• _Data provided_:
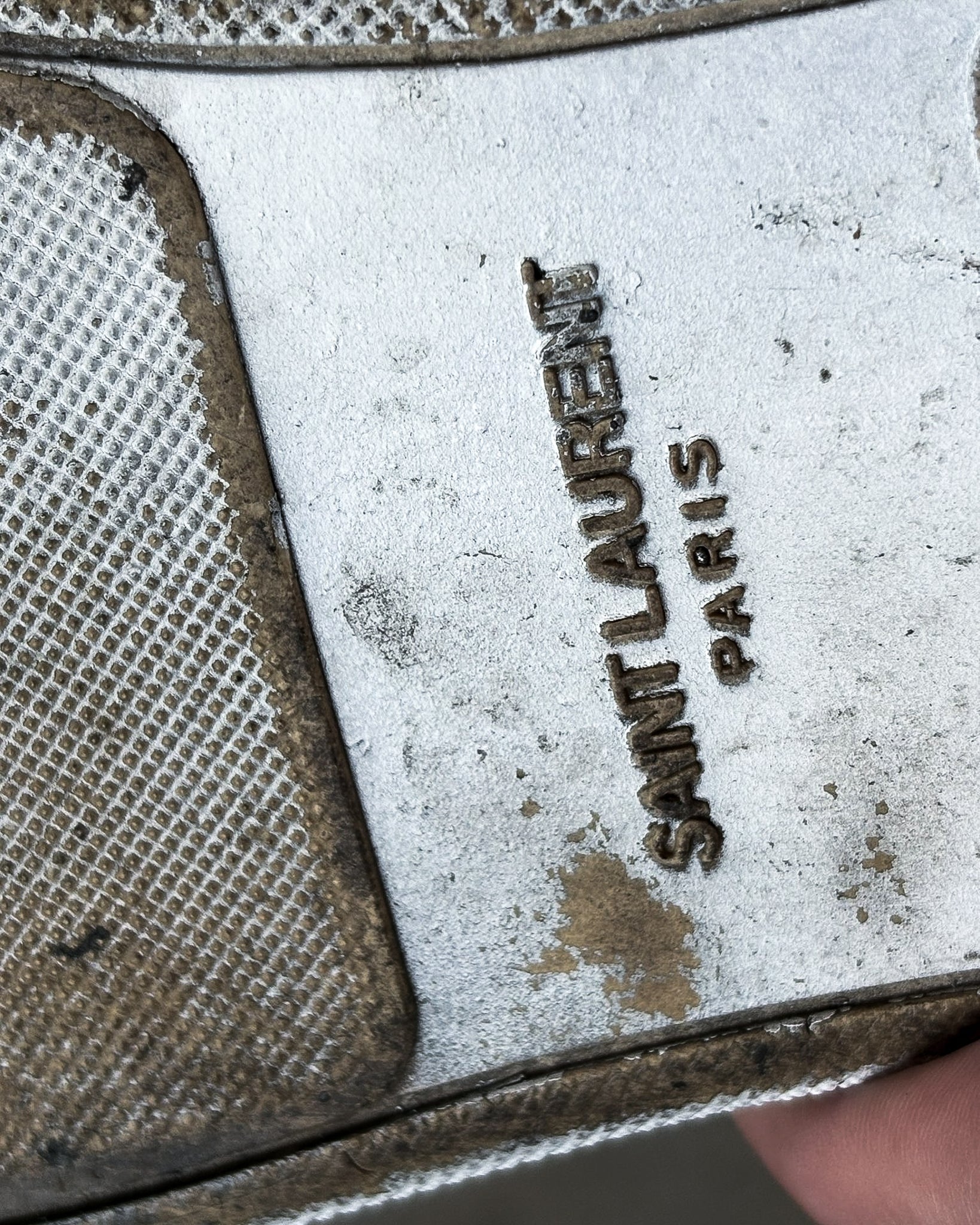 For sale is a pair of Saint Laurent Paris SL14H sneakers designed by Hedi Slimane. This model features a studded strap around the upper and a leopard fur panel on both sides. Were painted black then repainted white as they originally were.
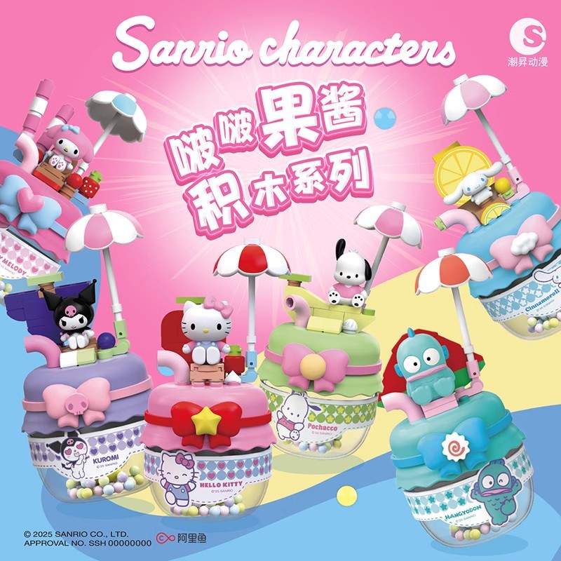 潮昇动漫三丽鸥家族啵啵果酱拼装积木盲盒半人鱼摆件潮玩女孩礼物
---
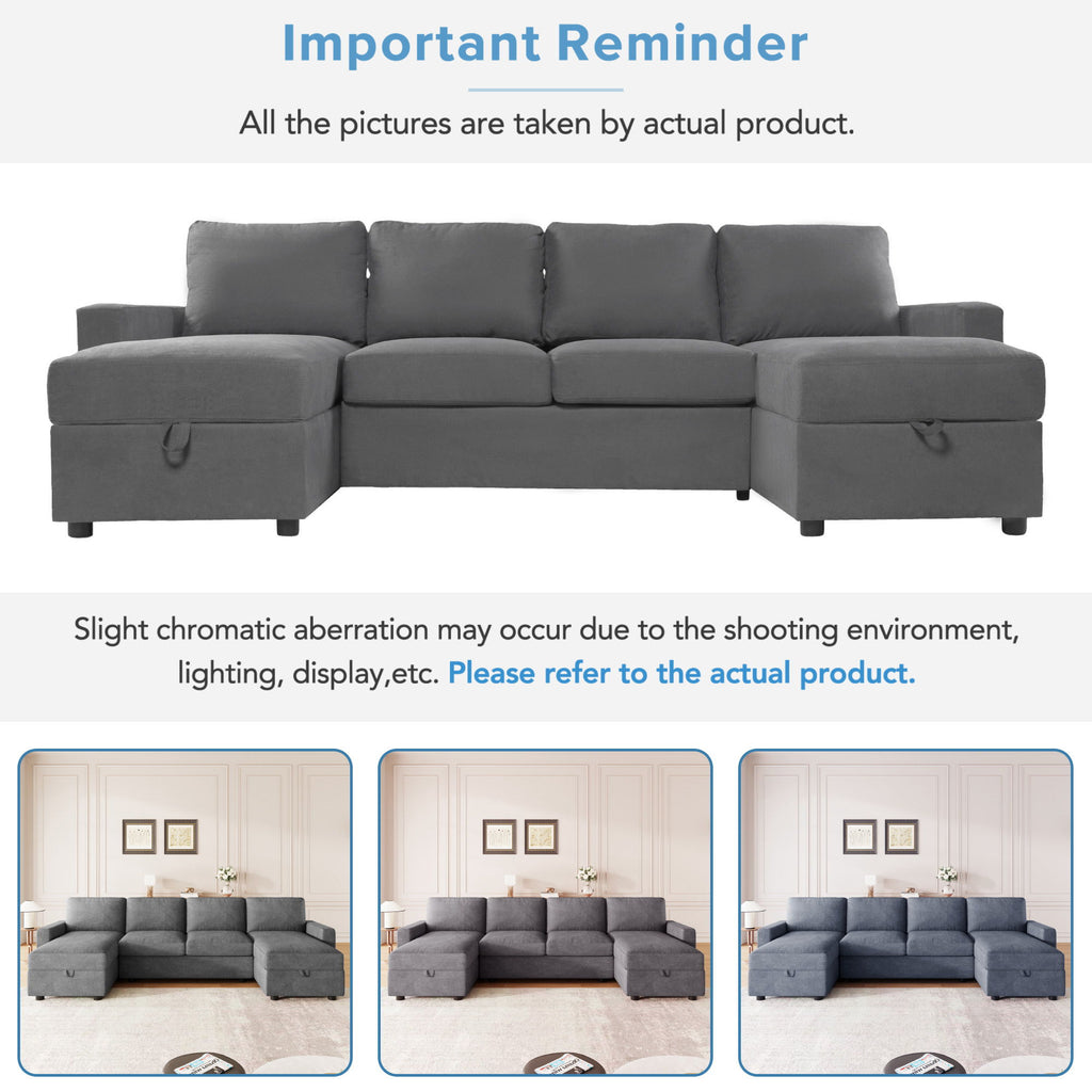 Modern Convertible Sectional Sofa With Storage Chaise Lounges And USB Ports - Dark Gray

• _Required action_:
Exactly as written above, retype the lines starting at the one holding "For sale is" and ending at the one holding "潮昇动漫三丽鸥家族啵啵果酱拼装积木盲盒半人鱼摆件潮玩女孩礼物", both included, but not the pictures.

• _Response below_:
 For sale is a pair of Saint Laurent Paris SL14H sneakers designed by Hedi Slimane. This model features a studded strap around the upper and a leopard fur panel on both sides. Were painted black then repainted white as they originally were.
 潮昇动漫三丽鸥家族啵啵果酱拼装积木盲盒半人鱼摆件潮玩女孩礼物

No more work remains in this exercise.